== Records shown

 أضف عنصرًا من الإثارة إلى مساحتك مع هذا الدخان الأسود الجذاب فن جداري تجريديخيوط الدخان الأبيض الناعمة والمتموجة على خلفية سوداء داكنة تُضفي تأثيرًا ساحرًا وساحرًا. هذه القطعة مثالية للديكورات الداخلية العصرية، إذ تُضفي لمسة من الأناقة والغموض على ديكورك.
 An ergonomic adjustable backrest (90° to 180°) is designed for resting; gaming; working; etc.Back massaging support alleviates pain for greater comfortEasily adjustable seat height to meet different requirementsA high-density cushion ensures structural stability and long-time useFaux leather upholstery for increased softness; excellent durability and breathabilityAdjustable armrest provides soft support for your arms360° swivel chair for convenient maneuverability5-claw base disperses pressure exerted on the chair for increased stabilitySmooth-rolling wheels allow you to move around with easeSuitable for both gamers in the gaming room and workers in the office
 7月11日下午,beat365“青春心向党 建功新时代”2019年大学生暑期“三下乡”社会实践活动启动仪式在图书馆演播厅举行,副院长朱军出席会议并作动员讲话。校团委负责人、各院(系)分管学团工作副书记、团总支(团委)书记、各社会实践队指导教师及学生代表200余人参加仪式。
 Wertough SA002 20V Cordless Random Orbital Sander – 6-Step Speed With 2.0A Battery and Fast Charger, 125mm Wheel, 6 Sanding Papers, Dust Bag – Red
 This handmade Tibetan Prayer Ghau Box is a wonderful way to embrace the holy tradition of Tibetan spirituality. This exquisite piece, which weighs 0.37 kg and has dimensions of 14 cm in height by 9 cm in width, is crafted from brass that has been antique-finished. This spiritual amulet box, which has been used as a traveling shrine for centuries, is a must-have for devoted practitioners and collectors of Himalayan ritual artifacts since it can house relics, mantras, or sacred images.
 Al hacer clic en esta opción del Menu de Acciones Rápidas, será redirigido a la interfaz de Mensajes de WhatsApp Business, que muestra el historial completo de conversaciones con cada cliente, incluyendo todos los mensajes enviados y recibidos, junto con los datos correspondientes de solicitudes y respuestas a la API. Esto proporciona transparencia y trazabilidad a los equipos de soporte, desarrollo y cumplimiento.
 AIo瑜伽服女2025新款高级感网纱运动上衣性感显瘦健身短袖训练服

====
== Records shown

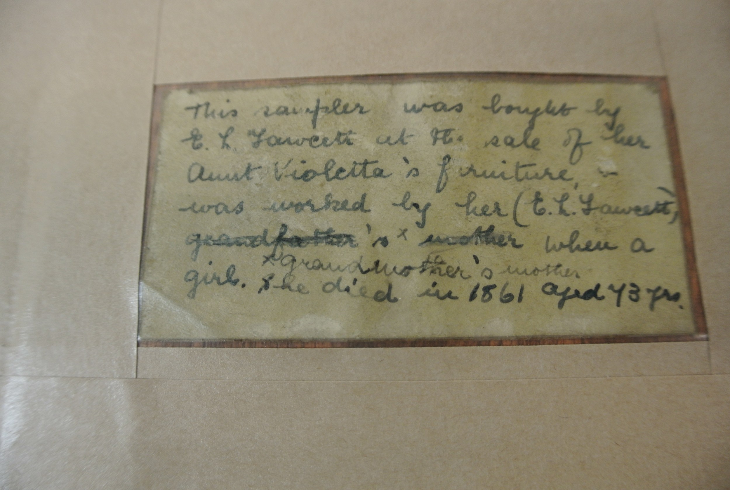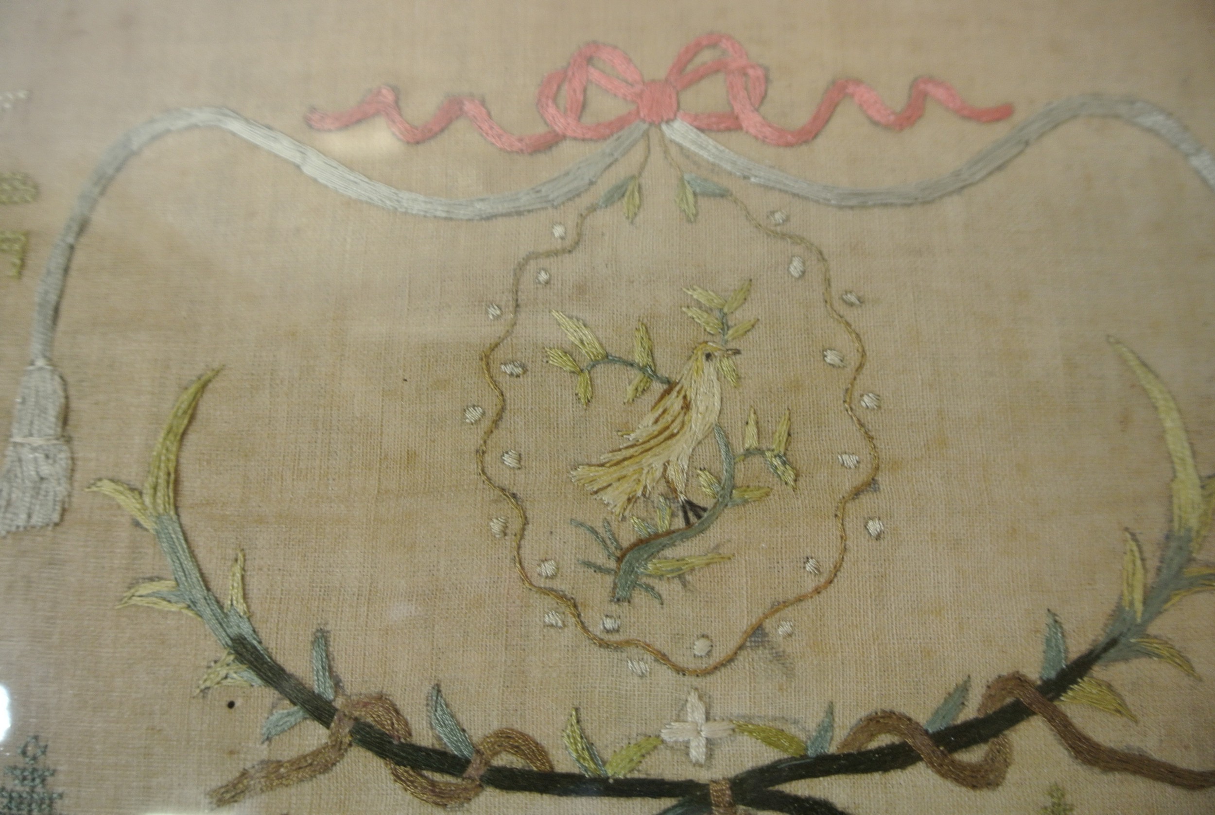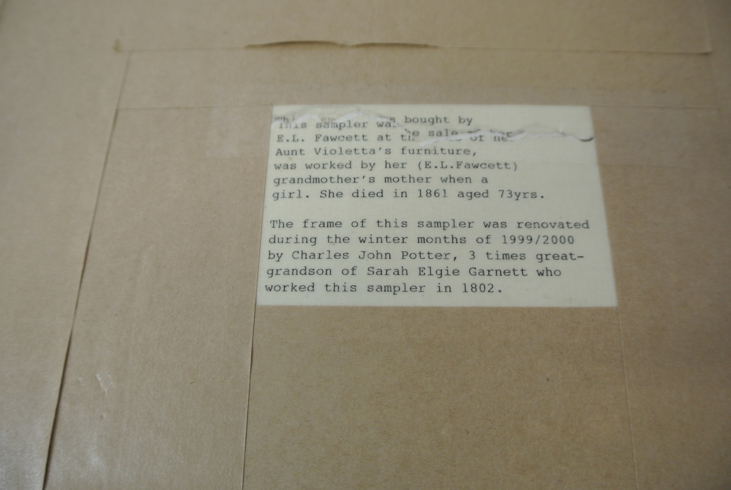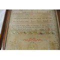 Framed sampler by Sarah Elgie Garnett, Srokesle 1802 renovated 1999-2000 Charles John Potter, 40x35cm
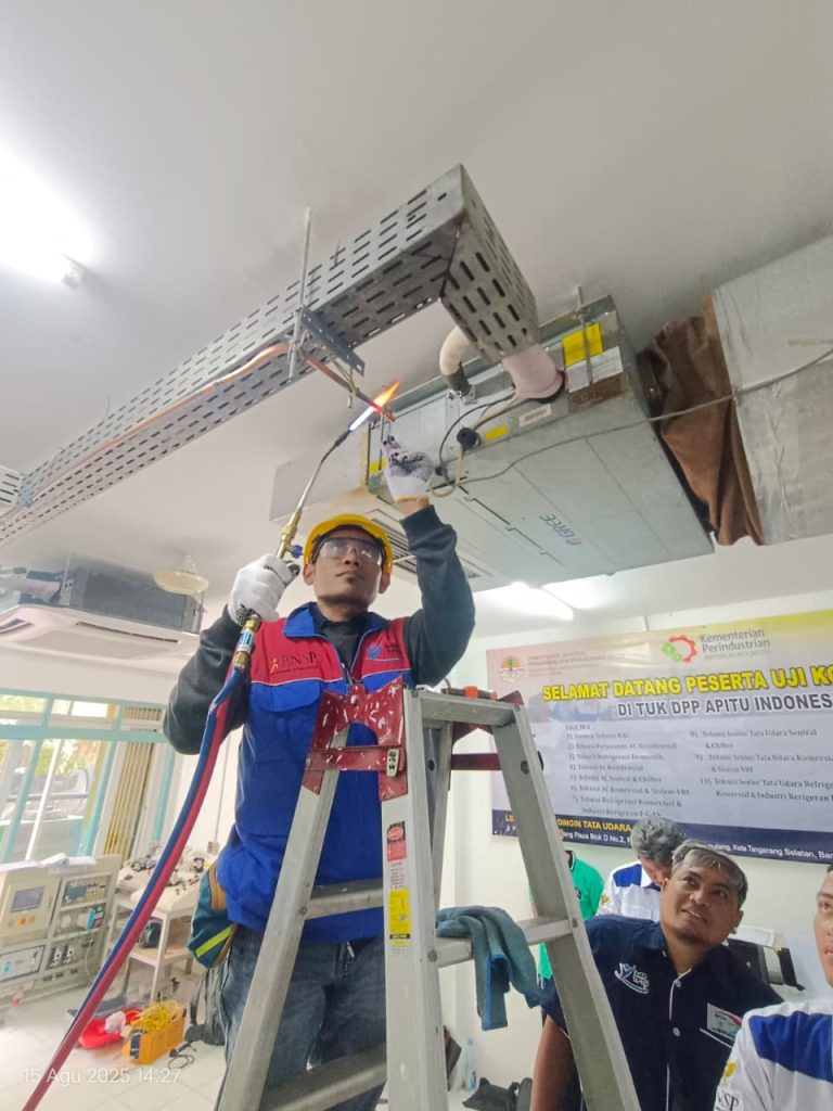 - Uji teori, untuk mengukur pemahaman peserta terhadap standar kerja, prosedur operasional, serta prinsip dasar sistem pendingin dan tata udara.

====
== Records shown

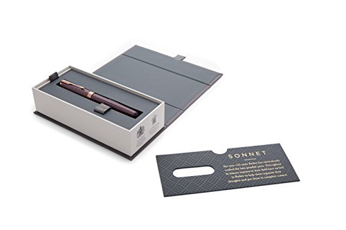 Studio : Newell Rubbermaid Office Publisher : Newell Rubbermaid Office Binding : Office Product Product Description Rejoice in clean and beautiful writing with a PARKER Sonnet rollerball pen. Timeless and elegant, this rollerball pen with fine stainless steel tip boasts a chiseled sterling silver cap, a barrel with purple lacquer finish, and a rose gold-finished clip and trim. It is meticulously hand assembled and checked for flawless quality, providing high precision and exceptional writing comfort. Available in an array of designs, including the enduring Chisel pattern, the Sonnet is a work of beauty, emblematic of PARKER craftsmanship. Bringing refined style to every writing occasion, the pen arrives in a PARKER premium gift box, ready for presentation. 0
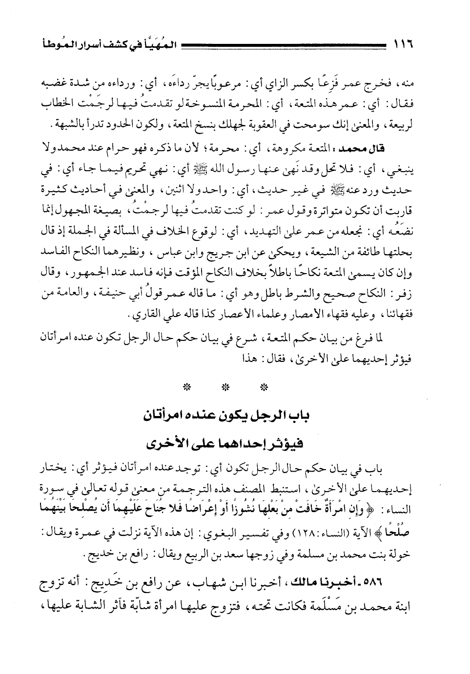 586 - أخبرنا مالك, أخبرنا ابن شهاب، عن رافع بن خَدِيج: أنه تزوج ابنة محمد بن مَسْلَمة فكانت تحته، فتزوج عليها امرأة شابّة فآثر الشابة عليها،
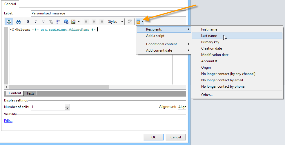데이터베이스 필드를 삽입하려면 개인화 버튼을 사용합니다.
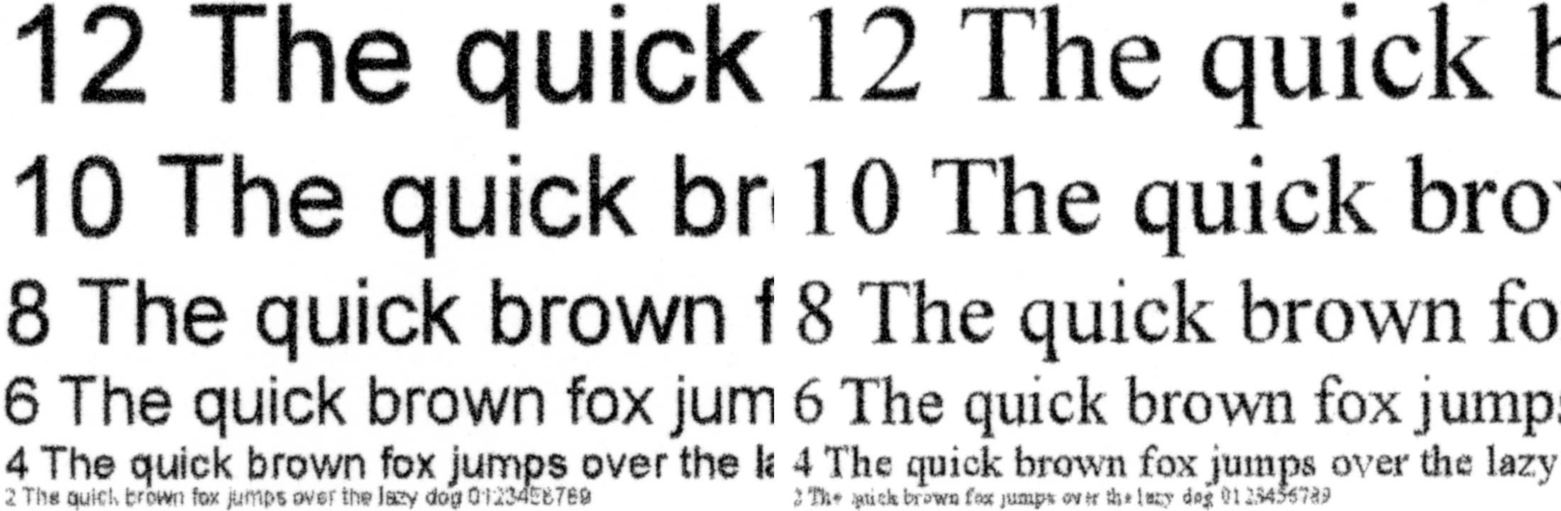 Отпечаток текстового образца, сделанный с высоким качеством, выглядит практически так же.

====

Work to complete:
Beginning at the line with "Al hacer clic" and stopping after the line with "AIo瑜伽服女2025新款高级感网纱运动上衣性感显瘦健身短袖训练服", please write out every line of the data above exactly and nothing else.

Output:
 Al hacer clic en esta opción del Menu de Acciones Rápidas, será redirigido a la interfaz de Mensajes de WhatsApp Business, que muestra el historial completo de conversaciones con cada cliente, incluyendo todos los mensajes enviados y recibidos, junto con los datos correspondientes de solicitudes y respuestas a la API. Esto proporciona transparencia y trazabilidad a los equipos de soporte, desarrollo y cumplimiento.
 AIo瑜伽服女2025新款高级感网纱运动上衣性感显瘦健身短袖训练服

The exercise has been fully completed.